:: Problem ::
Below are the records. Reproduce exactly the lines from the one containing "Meet Me at Daley" through the final line, and omit any pictures.

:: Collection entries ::
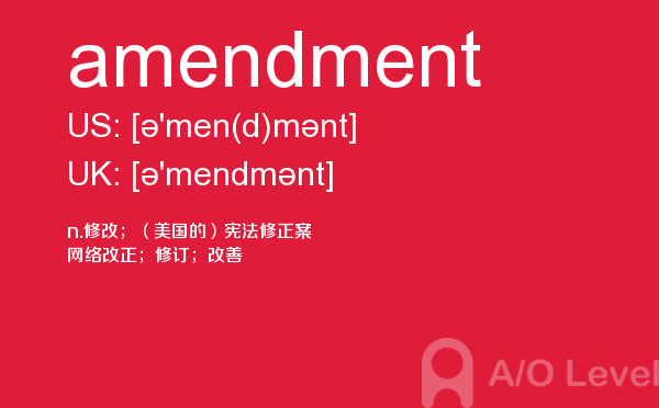 为了有a-level考试高分,很多童靴都参加英国高中课程a-level考试前都会做很多a-level考试真题。a-level考试备考要有一定的方法,课窝a/o-level考试网每天都会给大家带来a-level考试资讯,a-level考试备考相关的内容,今天课窝a/o-level考试网小编给大家带来关于a-level单词amendment的详细介绍。如果您想了解上海alevel培训学校,澳大利亚alevel,alevel报名截止日期,爱德思alevel考试时间等关于a-level考试的相关资讯,请继续浏览并关注课窝a/o-level考试网。
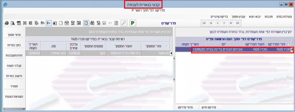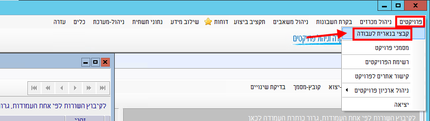 כדי לעבור לעיין במסמך כתב הכמויות עם המחירים של הקבלן הזוכה ולהמשיך לשלב של הגדרת החוזה וחשבונות הביצוע, יש להיכנס לתפריט “פרויקטים” ולבחור > “קבצי בנארית לעבודה”:
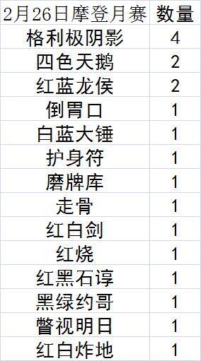 本次月赛共有19人参加,其中最多的套牌为格利极阴影,而在群里吹了一周的巨锤却只有我孤零零的一套(笑)下图为meta表
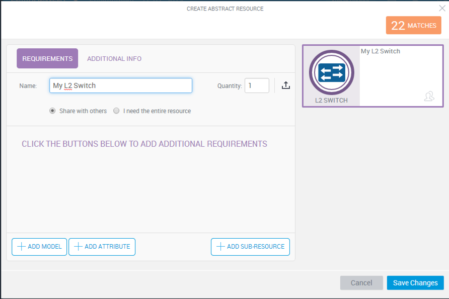 Abstract resources enable you to control how restrictive or relaxed the match conditions are. It is possible to scope an abstract resource to candidates of a particular family, a particular family and model, a group of possible models, as well as add attribute and quantity restrictions. All this is possible to set both at the resource and sub-resource level. If that sounds complicated, bear in mind that you can make the abstract resource as simple or complex as you wish it. The abstract requirements can express something as simple as a "router with three 10 GB ports" or something drastically more complicated with multiple model and attribute restrictions on each level of the resource structure.
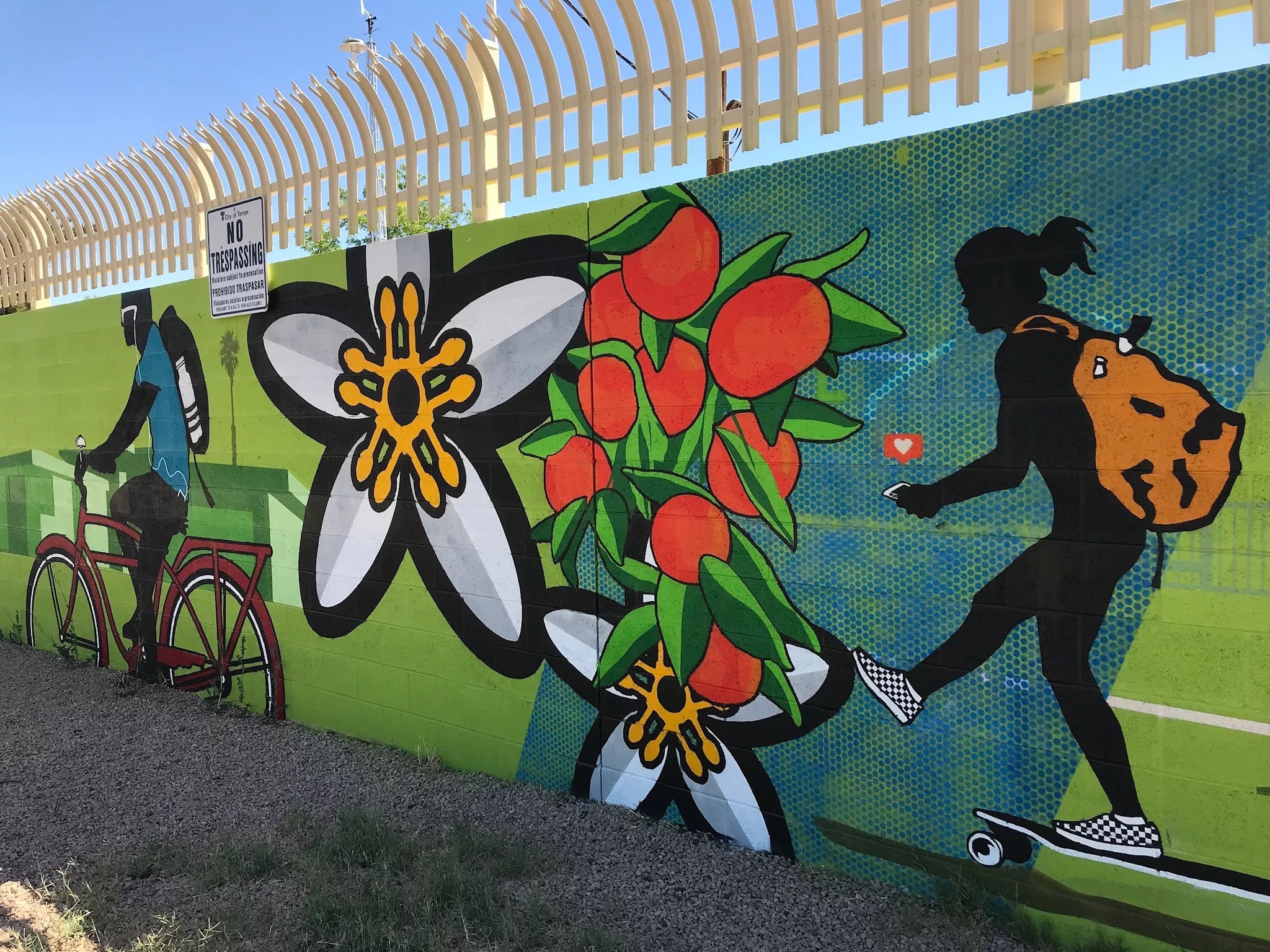 Meet Me at Daley Park by Tempe artist Jake Early is a mural masterwork. Its size alone is worth the drive over to Daley Park, near 15th Street and College Avenue. After a design competition, Tempe Public Art awarded Early the job of painting a wall 400 feet long and 8 feet high. The wall borders a city facilities yard next to a railroad easement. Early managed to turn the stark, industrial area of the railroad tracks and easement into something visually appealing. The colors are vibrant, dominated by light green that symbolizes the area’s agricultural past, and an 8-foot rooster near the wall’s corner. It’s like an outdoor history museum, displaying scenes that encompass Tempe’s past and present as well as college students on bicycles.
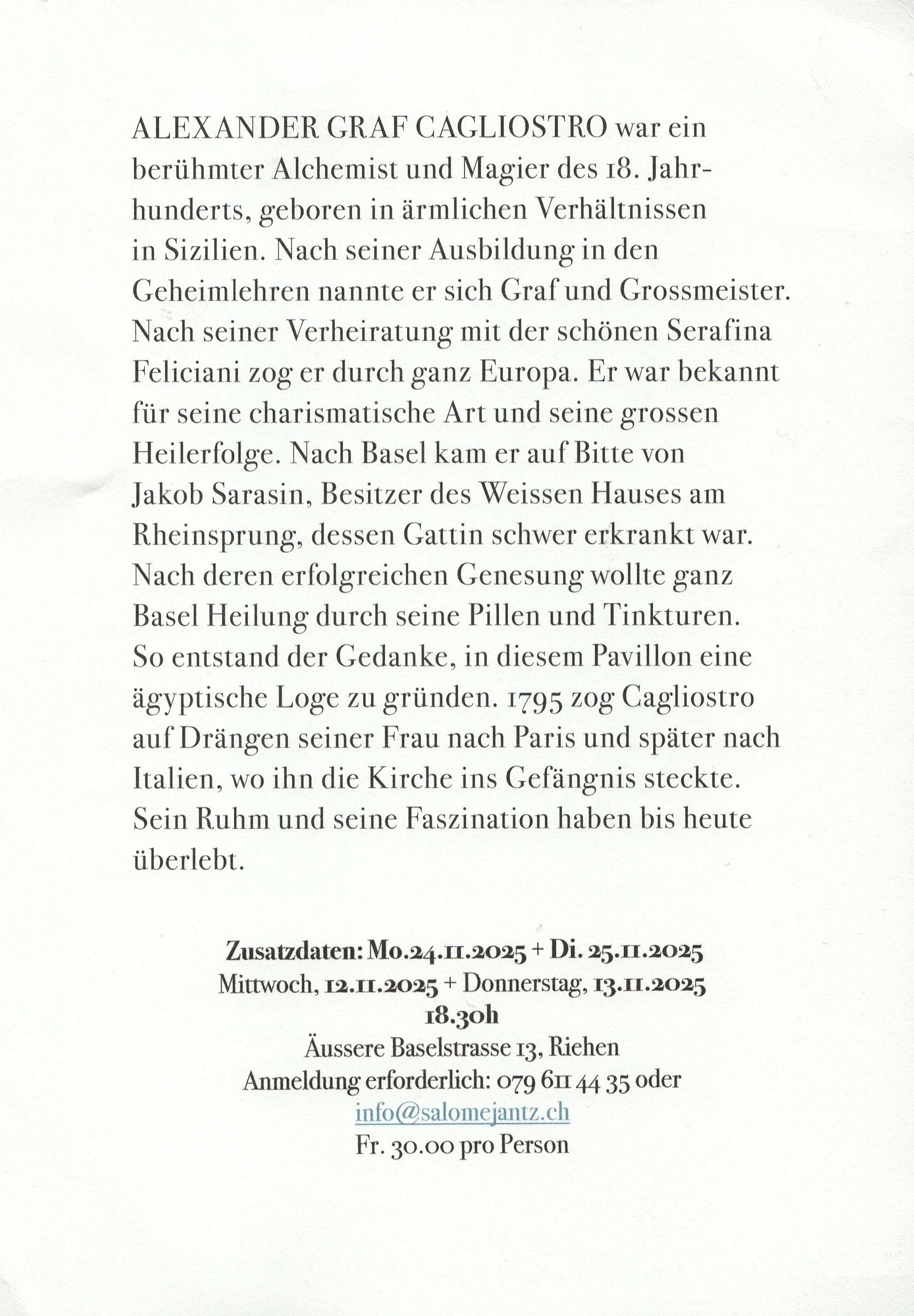 Sensationell gespielt, lehrreich und unterhaltsam — das ist «Cagliostro - Seine Séancen und Tinkturen» von Jantz & Bröckelmann im prächtigen historischen Cagliostro-Pavillon. Das Stück läuft noch am 13., 24. und 25. November 2025. Und pssst — es habe sogar noch ein paar freie Plätze. Anmeldungen bitte direkt per E-Mail an Salomé Jantz (siehe nachfolgenden Flyer).

:: Worked solution ::
 Meet Me at Daley Park by Tempe artist Jake Early is a mural masterwork. Its size alone is worth the drive over to Daley Park, near 15th Street and College Avenue. After a design competition, Tempe Public Art awarded Early the job of painting a wall 400 feet long and 8 feet high. The wall borders a city facilities yard next to a railroad easement. Early managed to turn the stark, industrial area of the railroad tracks and easement into something visually appealing. The colors are vibrant, dominated by light green that symbolizes the area’s agricultural past, and an 8-foot rooster near the wall’s corner. It’s like an outdoor history museum, displaying scenes that encompass Tempe’s past and present as well as college students on bicycles.
 Sensationell gespielt, lehrreich und unterhaltsam — das ist «Cagliostro - Seine Séancen und Tinkturen» von Jantz & Bröckelmann im prächtigen historischen Cagliostro-Pavillon. Das Stück läuft noch am 13., 24. und 25. November 2025. Und pssst — es habe sogar noch ein paar freie Plätze. Anmeldungen bitte direkt per E-Mail an Salomé Jantz (siehe nachfolgenden Flyer).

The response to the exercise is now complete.